Right after the LSTM, use a fully connected layer:
Here:
H is the LSTM hidden size.
P is the fixed number of points per stroke after simplification.
N is the number of supported shape classes.
Deployment in Browser
Implement the LSTM and dense matrix multiplication in plain JavaScript or TypeScript for direct control over code size and performance. A carefully optimized implementation will run in under a few milliseconds on modern devices. Keep the model footprint small (for example, under a few hundred kilobytes) so page load times remain fast.
Shape Replacement
Use a template-matching approach once the shape is classified. Normalize the userâs stroke points and compare them to a canonical vector shape at multiple rotations. Find the rotation and alignment that minimize the distance between the userâs stroke and the template. If the distance is above a threshold, reject the classification and keep the userâs original drawing.
Final Notes
The solution must handle edge cases like ambiguous doodles or partial shapes. The rejection logic lets you err on the side of preserving the userâs stroke if there is low confidence in the classification.
Possible Follow-Up Questions and Answers
How do you handle memory constraints in the browser?
Browser-based memory can be limited on lower-end devices. Keep the model architecture minimal in parameter count. Store weights in lower-precision formats (for example, 16-bit floating point) if possible. Use efficient data structures for storing and processing stroke data.
How do you maintain high accuracy for shapes with subtle differences?
Focus on diversified data collection and targeted augmentations. Encourage participants to draw shapes under different conditions (speed, angles, device types). Train with enough negative examples to help the model learn borderline cases. Use the multi-label approach with thresholded outputs so that if the model is unsure, it rejects the shape rather than forcing a wrong classification.
Why not use Convolutional Neural Networks (CNNs) for this?
Converting stroke data to images requires padding and results in sparse matrices. That can lead to larger models. RNN-based solutions process coordinates directly and avoid a heavy image representation. In offline use, smaller models load faster. Performance trade-offs favor a coordinate-based approach for this application.
How do you select the confidence threshold for rejection?

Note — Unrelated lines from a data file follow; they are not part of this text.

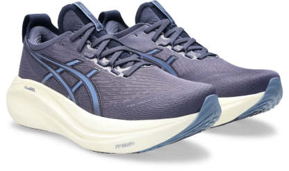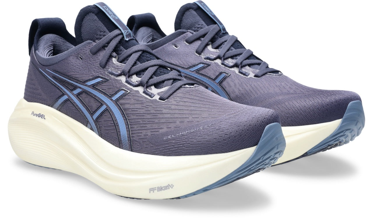 The GEL-NIMBUS? 27 shoe's soft cushioning properties help you feel like you're landing on clouds. This design is revamped to help create a softer and smoother running experience.?A soft engineered jacquard mesh upper comfortably wraps your foot while supplying advanced ventilation. Additionally, the knit tongue and collar help provide a soft and supportive feel.?By using FF BLAST? PLUS ECO cushioning, this trainer creates a lighter and softer cushioning experience.?Lastly, HYBRID GRIP? outsole rubber helps create better traction, improved softness, and advanced durability.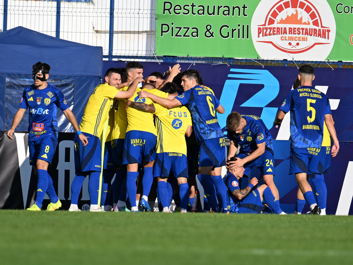 Descriere: Bucurie a fotbalistilor ialomiteni Ionut Viorel Coada, Florin Flavius Purece, Marius Paul Antoche si Vlad Marian Pop dupa un gol marcat in meciul dintre Unirea Slobozia si Petrolul Ploiesti, contand pentru Superliga Superbet, desfasurat pe Clinceni Arena din Clinceni, duminica 21 septembrie 2025. © FOTO:Razvan Pasarica/SPORT PICTURES
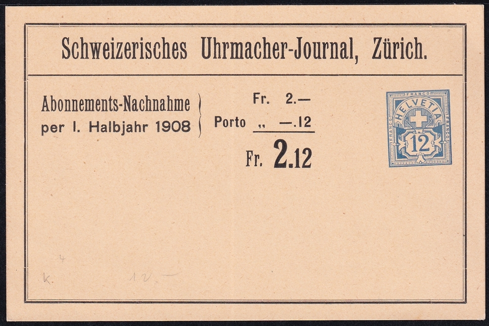 Schweiz, Ganzsachen, Privatganzsachen, PPK 004, 12Rp.blau Ziffermuster,Schweizerisches Uhrmacher-Journal, Zürich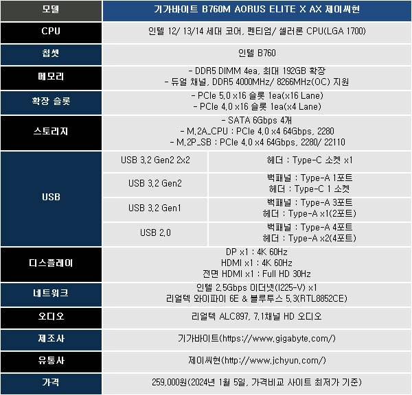 최신 CPU에는 최신 메인보드, 기가바이트 B760M AORUS ELITE X AX 제이씨현

Try different threshold values on a validation set with varied user drawings. Track false acceptance (wrong shape) and false rejection (correct shape unrecognized) rates. Pick a threshold that balances user experience. Evaluate drawing complexity: simpler shapes might allow a higher threshold for confidence.
How do you handle real-time updates as the user draws?

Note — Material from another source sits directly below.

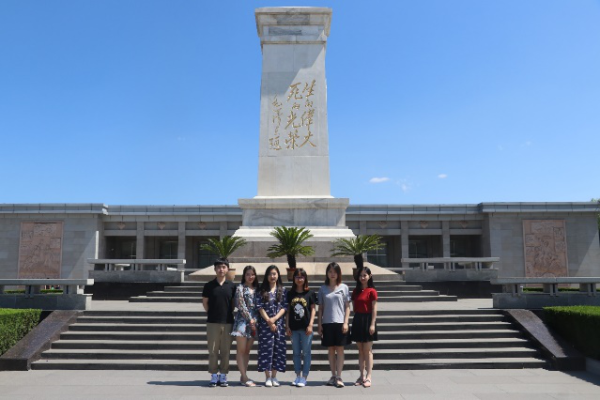 KY开元学生在毛泽东“生的伟大,死的光荣”题词纪念碑前合影

Maintain a small buffer for the stroke data while the user is drawing. Update the simplified coordinate list dynamically. If classification must appear in real time, run quick predictions after each short pause in drawing input. The final replacement triggers if the user holds the cursor or pen in place for some preset time (for example, one second), indicating they are finished.
How do you ensure vector alignment is visually appealing?
Normalize user strokes by position, scale, and rotation. Sample or simplify them to match the canonical templateâs scale. Compare them at multiple rotations in small increments (for instance, 15 degrees). Choose the rotation that yields the minimum average distance. Scale the template to match the bounding box of the user stroke if that better fits the drawing experience.
How would you adapt this system to multi-stroke shapes?
Use a multi-stroke sequence representation. Concatenate stroke data from each stroke into a single sequence with special separation tokens or flags. The architecture might need more LSTM capacity or additional layers. The same coordinate-based approach can still apply, but the dataset must include examples of multi-stroke drawings.
How do you optimize inference time further if performance becomes an issue?
Profile the JavaScript or TypeScript implementation to find bottlenecks. Use WebAssembly or specialized libraries for numerical computations. Consider pruning or quantizing the model weights. If needed, explore partial server-side fallback for extremely large shapes or advanced features, while preserving offline capability for simpler shapes.
How do you approach model updates after deployment?
Monitor anonymized performance metrics when users agree to share usage data. Identify misclassifications. Expand your training dataset with these new examples, retrain, and roll out updates as small incremental patches. Manage versioning to avoid breaking older clients if they are offline or not updated yet.
That concludes a thorough explanation of the design and reasoning behind a browser-based shape recognition system for vector replacement.